## Exercise details
Among the entries below, how many lines contain the string "long"? Only the number is wanted.

(Extracted records)
####
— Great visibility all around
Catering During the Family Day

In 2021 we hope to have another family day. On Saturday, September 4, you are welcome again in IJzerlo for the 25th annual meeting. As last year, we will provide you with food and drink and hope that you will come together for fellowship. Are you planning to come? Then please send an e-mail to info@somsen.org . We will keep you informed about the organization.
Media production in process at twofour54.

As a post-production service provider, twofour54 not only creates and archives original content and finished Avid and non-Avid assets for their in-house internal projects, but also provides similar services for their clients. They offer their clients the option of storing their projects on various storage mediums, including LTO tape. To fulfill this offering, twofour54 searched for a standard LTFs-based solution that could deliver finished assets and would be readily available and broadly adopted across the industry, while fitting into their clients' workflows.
####
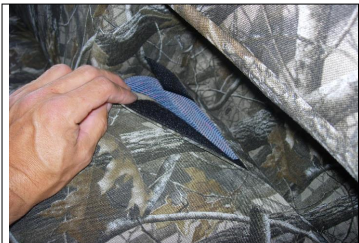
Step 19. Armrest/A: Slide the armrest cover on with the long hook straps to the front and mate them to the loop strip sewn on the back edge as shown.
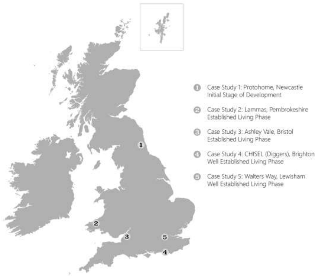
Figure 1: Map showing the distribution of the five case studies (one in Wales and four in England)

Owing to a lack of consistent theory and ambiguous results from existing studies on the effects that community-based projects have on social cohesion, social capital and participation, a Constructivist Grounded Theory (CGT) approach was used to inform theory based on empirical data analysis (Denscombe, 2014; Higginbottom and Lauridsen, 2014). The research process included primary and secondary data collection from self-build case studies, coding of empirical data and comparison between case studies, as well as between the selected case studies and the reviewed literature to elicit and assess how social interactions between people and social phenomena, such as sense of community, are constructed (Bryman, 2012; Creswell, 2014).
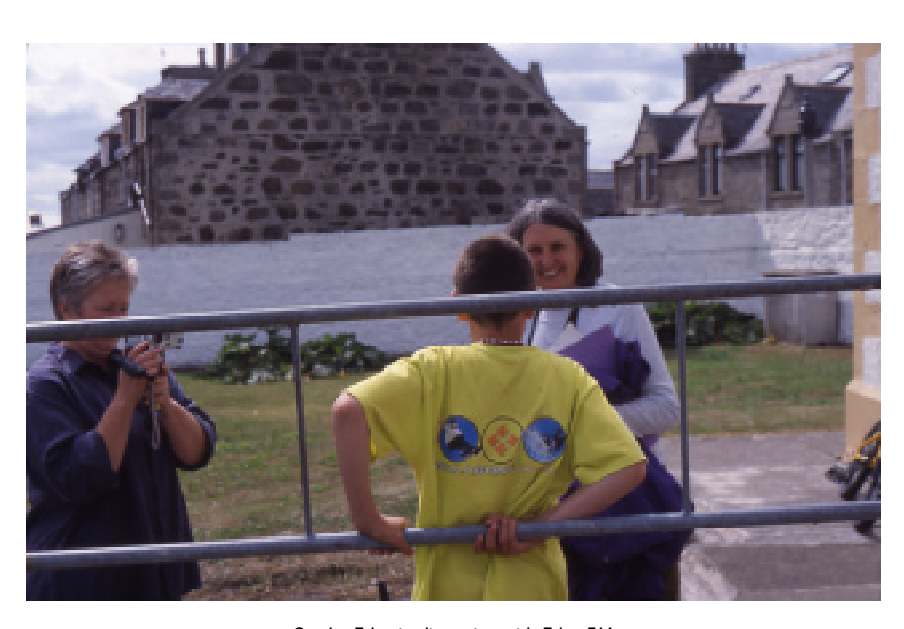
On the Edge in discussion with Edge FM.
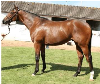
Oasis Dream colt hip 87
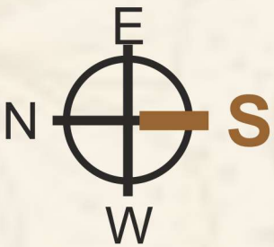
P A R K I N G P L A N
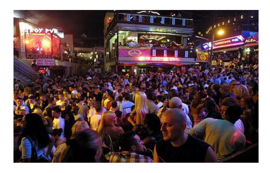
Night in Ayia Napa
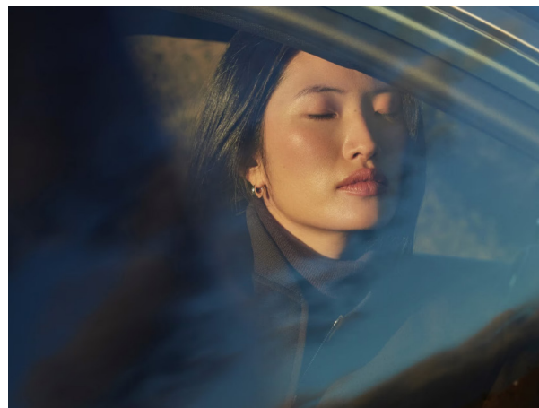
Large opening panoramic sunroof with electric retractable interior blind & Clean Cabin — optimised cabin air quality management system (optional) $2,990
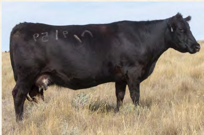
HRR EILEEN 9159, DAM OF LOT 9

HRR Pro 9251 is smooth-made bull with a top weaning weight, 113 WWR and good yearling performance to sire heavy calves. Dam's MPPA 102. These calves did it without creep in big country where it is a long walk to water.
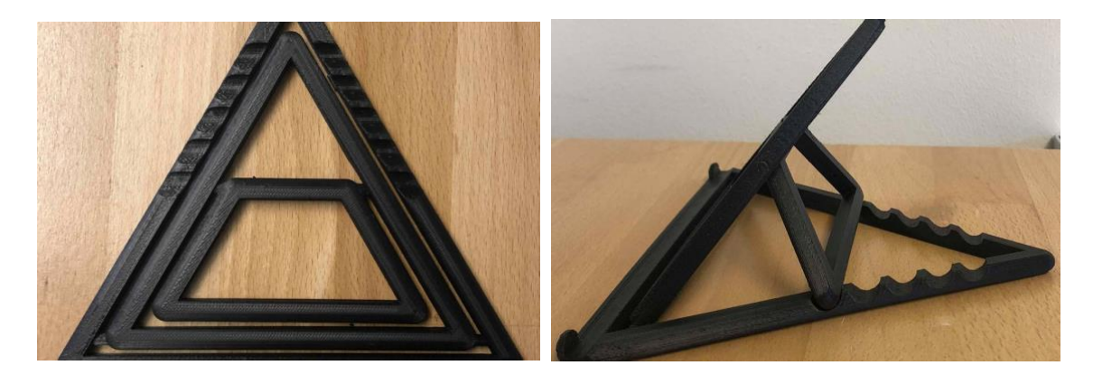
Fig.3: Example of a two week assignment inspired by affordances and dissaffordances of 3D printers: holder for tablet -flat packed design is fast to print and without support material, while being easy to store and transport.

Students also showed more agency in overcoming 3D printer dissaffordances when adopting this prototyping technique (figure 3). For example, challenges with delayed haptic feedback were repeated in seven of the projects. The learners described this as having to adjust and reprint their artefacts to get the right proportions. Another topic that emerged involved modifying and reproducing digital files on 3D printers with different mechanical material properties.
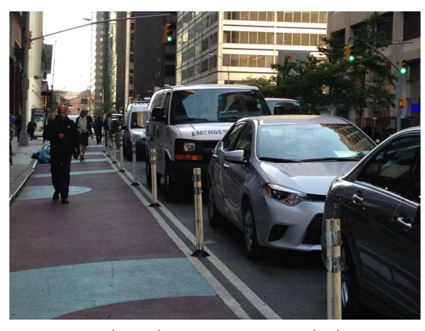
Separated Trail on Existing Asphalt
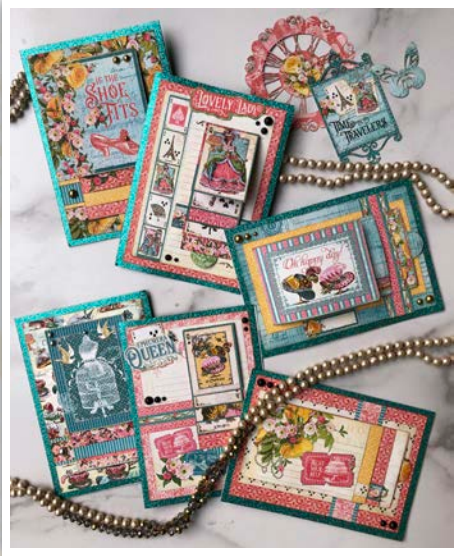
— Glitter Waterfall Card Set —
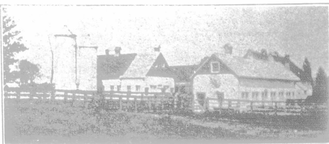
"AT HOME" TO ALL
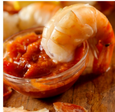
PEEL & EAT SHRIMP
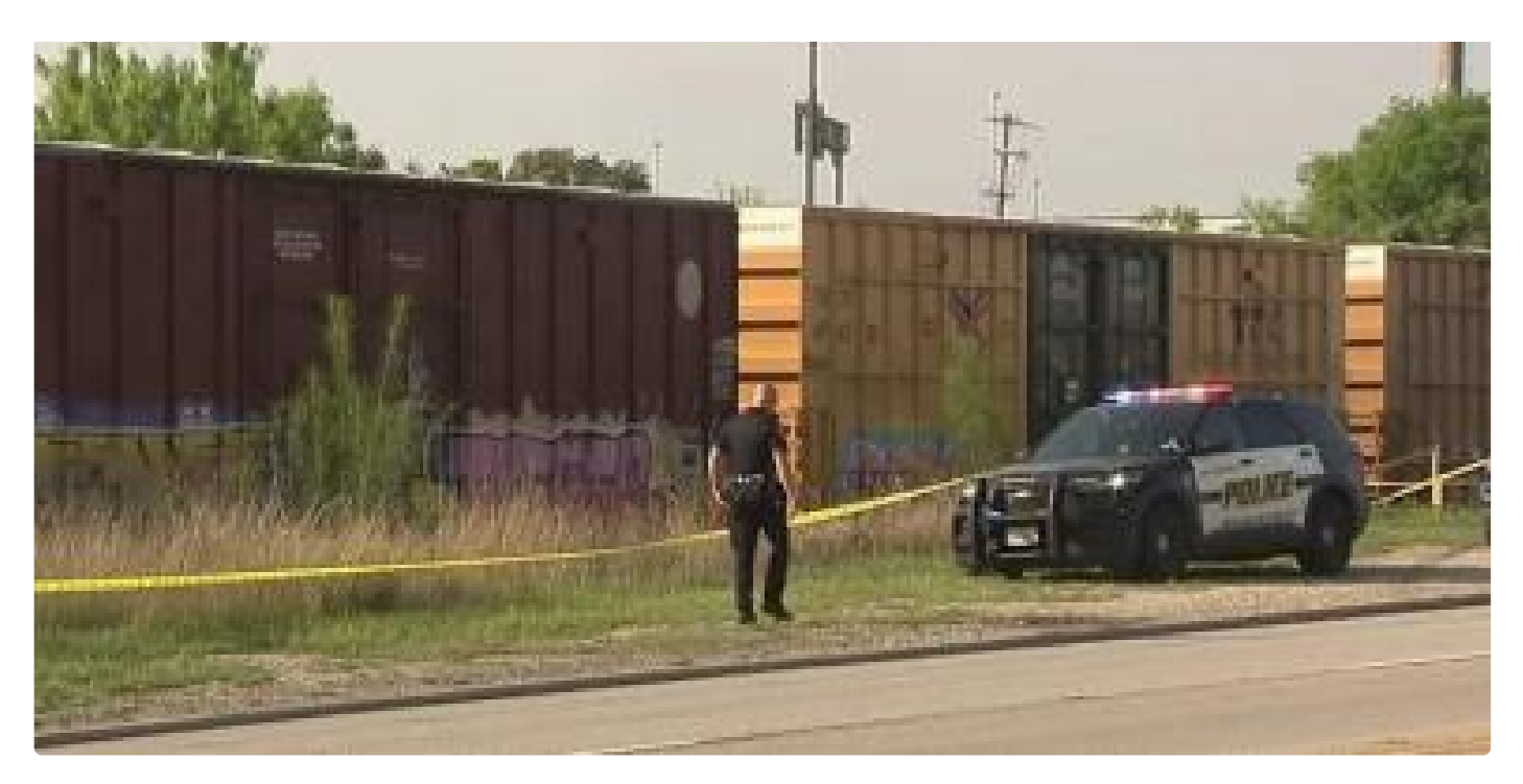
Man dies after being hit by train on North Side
####
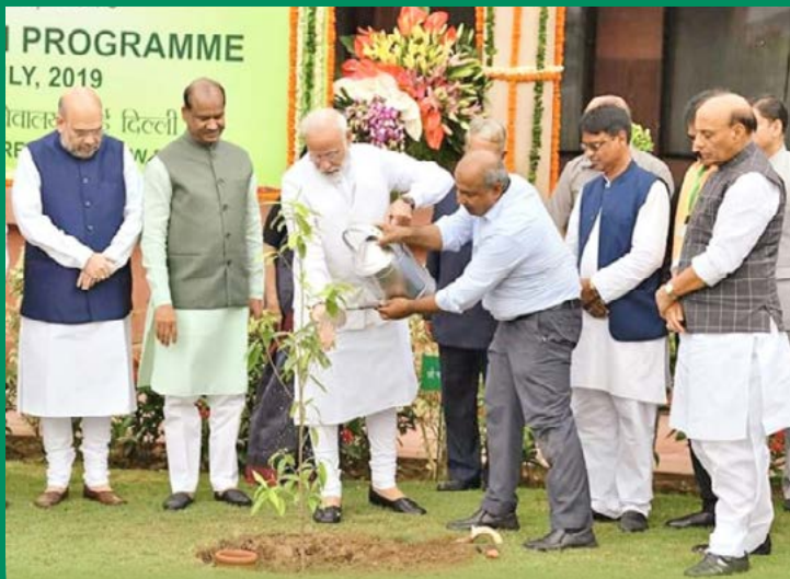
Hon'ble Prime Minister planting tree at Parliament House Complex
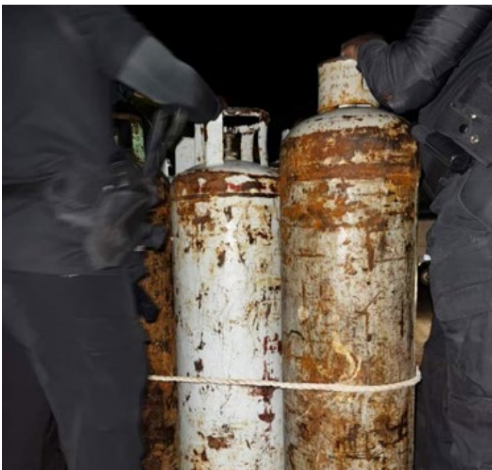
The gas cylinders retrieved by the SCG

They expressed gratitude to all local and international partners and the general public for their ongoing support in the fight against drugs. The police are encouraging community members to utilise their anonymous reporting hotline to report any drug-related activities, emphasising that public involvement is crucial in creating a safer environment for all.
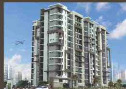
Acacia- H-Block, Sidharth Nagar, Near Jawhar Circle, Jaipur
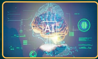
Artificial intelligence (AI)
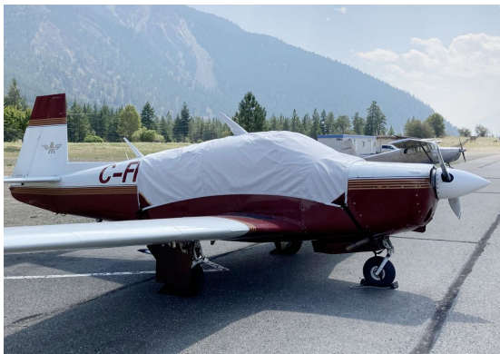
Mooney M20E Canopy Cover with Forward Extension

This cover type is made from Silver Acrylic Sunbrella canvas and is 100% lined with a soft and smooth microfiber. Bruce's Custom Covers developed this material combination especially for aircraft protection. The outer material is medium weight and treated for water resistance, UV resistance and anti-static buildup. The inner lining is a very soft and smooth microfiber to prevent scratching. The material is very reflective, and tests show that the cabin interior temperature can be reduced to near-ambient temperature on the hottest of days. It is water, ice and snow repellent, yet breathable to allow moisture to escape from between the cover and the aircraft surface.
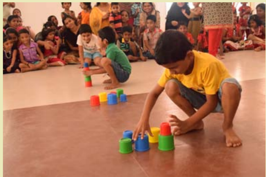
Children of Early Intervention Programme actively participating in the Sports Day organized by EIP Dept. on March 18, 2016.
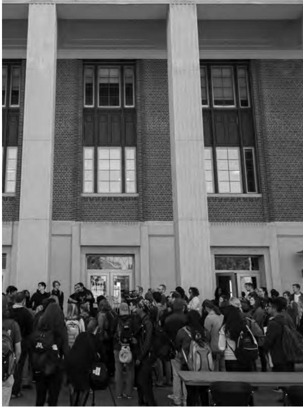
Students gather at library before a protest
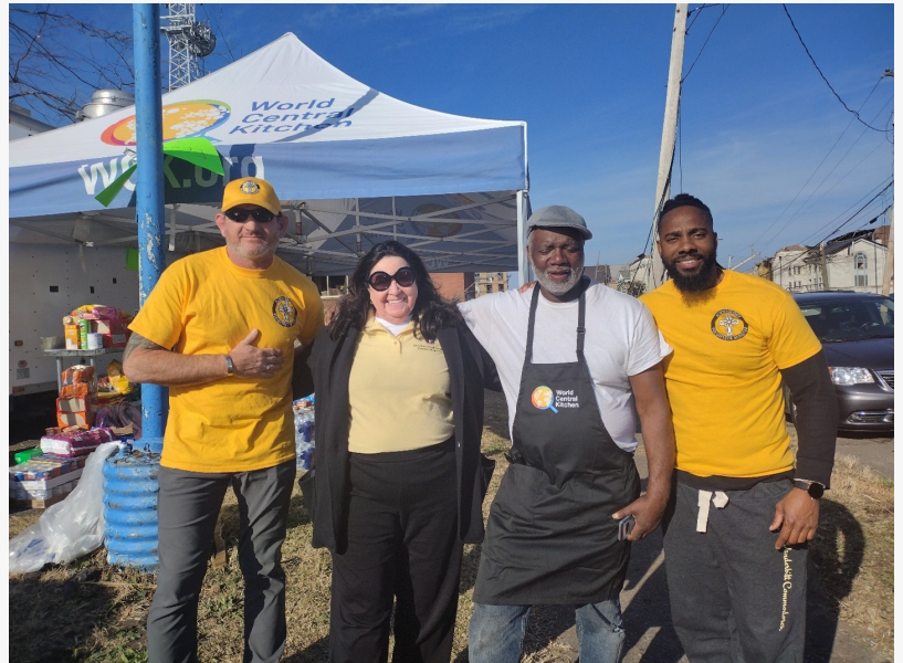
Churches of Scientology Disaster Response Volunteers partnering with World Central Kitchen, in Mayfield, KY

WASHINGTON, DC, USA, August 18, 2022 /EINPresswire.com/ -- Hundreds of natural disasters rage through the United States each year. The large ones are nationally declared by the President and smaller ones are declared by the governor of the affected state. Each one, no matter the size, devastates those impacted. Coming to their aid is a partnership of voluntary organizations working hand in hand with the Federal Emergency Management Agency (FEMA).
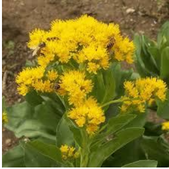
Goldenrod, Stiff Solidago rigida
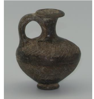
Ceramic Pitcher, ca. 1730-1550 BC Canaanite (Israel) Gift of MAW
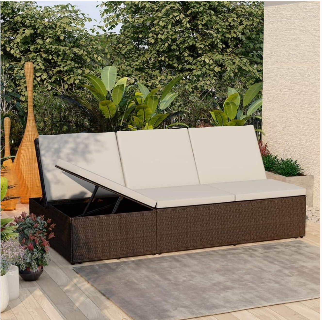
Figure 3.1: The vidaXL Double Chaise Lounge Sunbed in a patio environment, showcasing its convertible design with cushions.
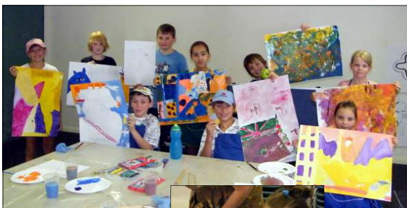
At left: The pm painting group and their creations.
####
## Answer below
2